The risk was obvious – no duty to warn

The Council submitted that if Mr Bowman was not engaged in a recreational activity, then the Council would not be liable because the risk of slipping and falling was an obvious risk. Therefore there was an “Assumption of risk” by Mr Bowman and the Council had no duty to warn.

Note: The legal maxim is volenti non fit injuria: if a person has knowledge of a risk and accepts it, they cannot claim that a party failed to give warning or is liable for negligence.

Sections 5F, 5G and 5H of the Civil Liability Act 2002 (NSW) apply, which are:

5F Meaning of “obvious risk”

  1.  … an obvious risk to a person who suffers harm is a risk that … would have been obvious to a reasonable person in the position of that person.
  2. Obvious risks include risks that are patent or a matter of common knowledge.

5G Injured persons presumed to be aware of obvious risks

  1.  … a person is aware of the type or kind of risk, even if the person is not aware of the precise nature, extent or manner of occurrence of the risk.

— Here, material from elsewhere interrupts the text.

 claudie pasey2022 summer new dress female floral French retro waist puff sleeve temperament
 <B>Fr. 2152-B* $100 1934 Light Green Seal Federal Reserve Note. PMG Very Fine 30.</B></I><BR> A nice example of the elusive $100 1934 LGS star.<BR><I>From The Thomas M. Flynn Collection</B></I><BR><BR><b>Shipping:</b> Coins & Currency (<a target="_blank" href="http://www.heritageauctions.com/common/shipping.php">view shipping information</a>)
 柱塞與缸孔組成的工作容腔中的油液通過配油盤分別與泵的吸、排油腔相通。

5H No proactive duty to warn of obvious risk

  1. A person (the defendant) does not owe a duty of care to another person (the plaintiff) to warn of an obvious risk to the plaintiff.

Justice Walton said that:

the relevant risk of harm was the risk that a pedestrian might slip on the boat ramp.
The risk of slipping whilst walking on a marine surface such as the boat ramp due to wetness or marine growth is a matter of common knowledge.
He had an unobstructed view of the boat ramp in daylight.
the “failure to warn” parts of the plaintiff’s case must fail [including] the allegations that the defendant should have installed different or better warning signs.

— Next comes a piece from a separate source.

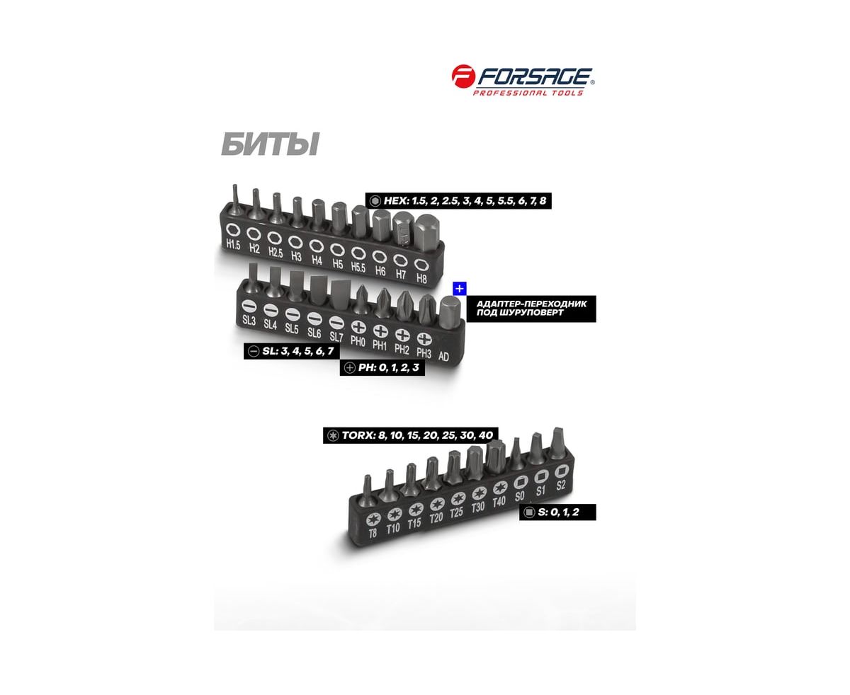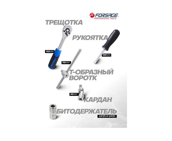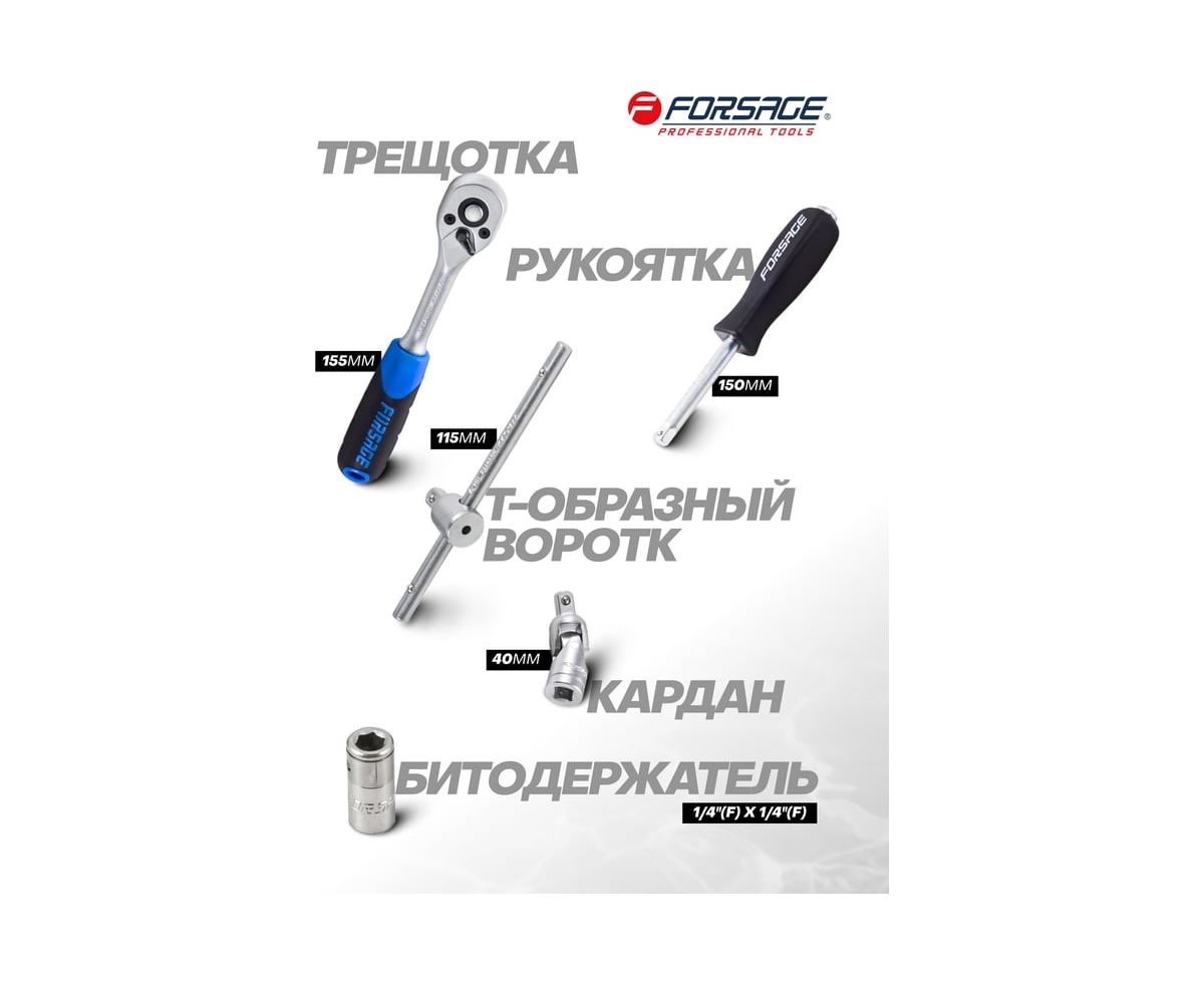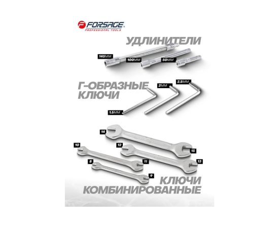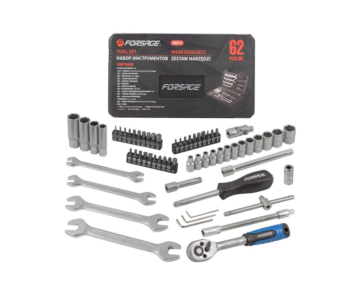 Набор инструментов Forsage — это универсальный комплект, созданный для решения широкого спектра задач, от слесарных и монтажных работ до обслуживания автомобиля и бытовой техники. Независимо от того, требуется ли вам быстрое устранение неисправностей на дороге, дома или на даче, этот набор станет незаменимым помощником!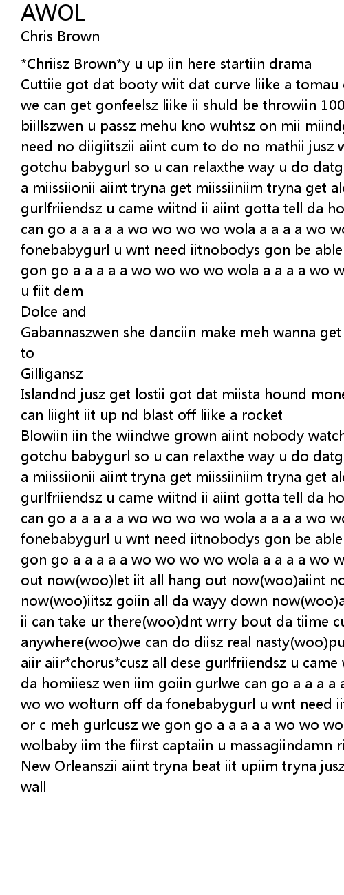 Cuttiie got dat booty wiit dat curve liike a tomau can diisappear iin mii hand tiill tomorra [x2]we can get gonfeelsz liike ii shuld be throwiin 100 dollar biillszwen u passz mehu kno wuhtsz on mii miindgurl u aiint gotta ask mehii dnt need no diigiitszii aiint cum to do no mathii jusz wanna get gon*chorusz*ii gotchu babygurl so u can relaxthe way u do datgurl da way u move datu kno iim on a miissiionii aiint tryna get miissiiniim tryna get alonecusz all dese gurlfriiendsz u came wiitnd ii aiint gotta tell da homiiesz wen iim goiin gurlwe can go a a a a a wo wo wo wo wola a a a a wo wo wo wo wolturn off da fonebabygurl u wnt need iitnobodys gon be able to reach iit or c meh gurlcusz we gon go a a a a a wo wo wo wo wola a a a a wo wo wo wo wolgot damn ii love da way u fiit dem |

[judgment, paragraphs 289, 290, 291 & 299]

Justice Walton rejected Mr Bowman’s submission under s 5B(2) that a reasonable person in the position of the Council would have placed the sign in a different position, to make it more likely to be seen:

The plaintiff has not proven that a reasonable person in the defendant’s position would have placed the sign in a different position. Nor has he proved what that position would have been or that it would have made any difference to the course of events, particularly having regard to the facts that the plaintiff knew of its existence, that it was a warning and of the nature of the risks to which the sign referred.

[judgment, paragraph 303]

There was no causation

Justice Walton concluded:

The plaintiff has failed to establish factual causation for the purposes of s 5D [that the negligence was a necessary condition of the occurrence of the harm] for the following reasons:

1. In relation to the signage, the plaintiff was aware of the warning sign having previously seen it. He was also aware that it provided warnings. He already had experience of boat ramps being slippery, and agreed that he would approach any boat ramp on the basis that it could be slippery. In those circumstances, a separate sign warning only of a slippery ramp could not, on the evidence, have changed the outcome, particularly as there was no evidence as to where such a sign would have been placed so as to make it more noticeable or more visible to the plaintiff.

Note: the other reasons addressed alleged failures to pressure clean, to cut grooves, an excessive gradient and failure to install rubber matting which are not relevant to the warning sign.

[judgment, paragraph 376]

Conclusion

The warning sign at the boat ramp at Forster Beach was effective to protect the Council against liability for negligence.